# MES40, AMNPS< and first cheese run, with Q-View



## jnelson (Aug 20, 2012)

I recently pulled the trigger and bought the MES40 after Sam's marked it down to $284.  Then, my lovely wife bought me the AMNPS for my birthday.  I spent Saturday afternoon seasoning both the MES and the AMNPS, and then spen yesterday smoking the first batch of cheese.

My wife suggested a small batch, to make sure we liked the results.  I used Traeger Apple pellets for 3.5 hours.  Here is the Q-View:

The victims:













2012-08-19 12.34.41.jpg



__ jnelson
__ Aug 20, 2012






Arranged in all of their naked glory:













2012-08-19 12.40.04.jpg



__ jnelson
__ Aug 20, 2012






In the smoker.  You can see the ice layer beneath the cheese.  I used a frozen 2-liter bottle.  I cut away the bottle in case the heat got too high. 













2012-08-19 12.50.50.jpg



__ jnelson
__ Aug 20, 2012






Out of the smoker:













2012-08-19 16.32.40.jpg



__ jnelson
__ Aug 20, 2012






Packaged and into the refrigerator:













2012-08-19 16.36.24.jpg



__ jnelson
__ Aug 20, 2012






You may notice that a few of the string cheese sticks are missing.  We have a rule in our house called "Chef's Option".  If you are the cook, you can sample as much as you want!

Now to wait the two weeks to see how it turned out.

Once that was finished, I threw two pork tenderloins on the grill.  Those had been marinating since Saturday afternoon.  This will be supper for the week:













2012-08-19 17.31.42.jpg



__ jnelson
__ Aug 20, 2012






Thanks for looking, and even more thanks for the wonderful forum where I learned to smoke cheese.

Brad


----------



## smokinhusker (Aug 21, 2012)

Cheese looks great as do the tenderloins!
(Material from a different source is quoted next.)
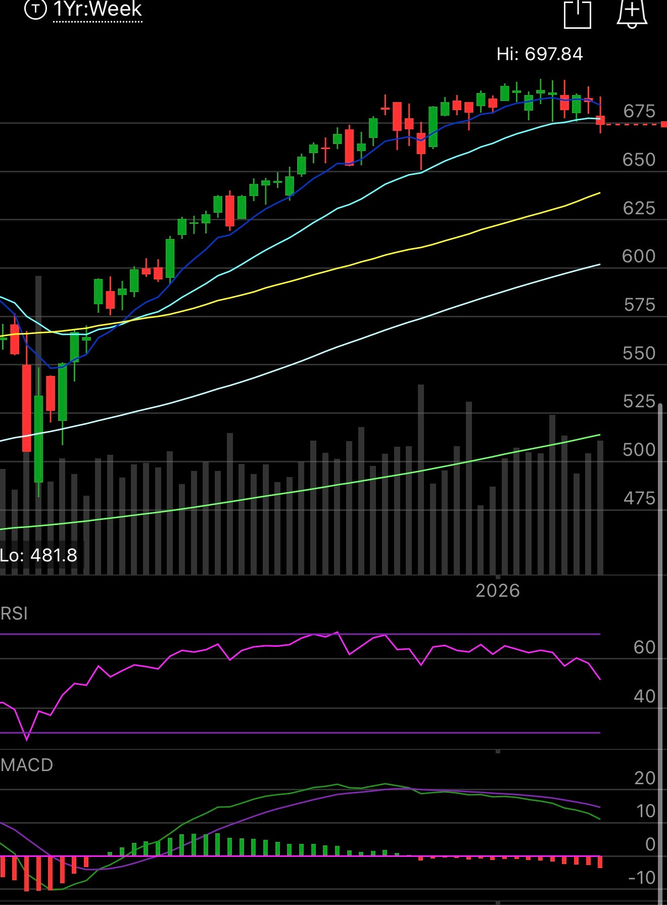 The weekly chart is the one that concerns me most with the SPY potential closing under the 21 week for the first time since May if it doesn’t reclaim 677.22 by the close. This would be a major change of trend for the overall market.
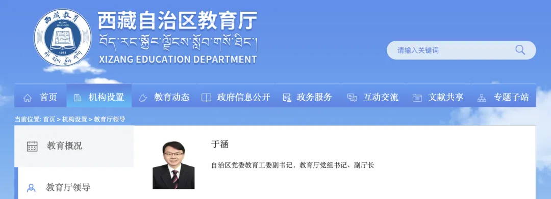 西藏自治区教育厅网站日前更新后显示,于涵已任自治区党委教育工委副书记,教育厅党组书记、副厅长。

You don't have to wait the 2 wks for the mozzarella to mellow. 

Here's a tip I learned too...Traeger Pellets are for heat in the Traeger units and they will add quite a bit of significant heat. I use Smokehouse Brand pellets which add some heat,

but not to the extent Traeger pellets do.


----------



## scarbelly (Aug 24, 2012)

Looks like a great start with the new MES. Congrats on the success. Now comes the hard part. The wait


----------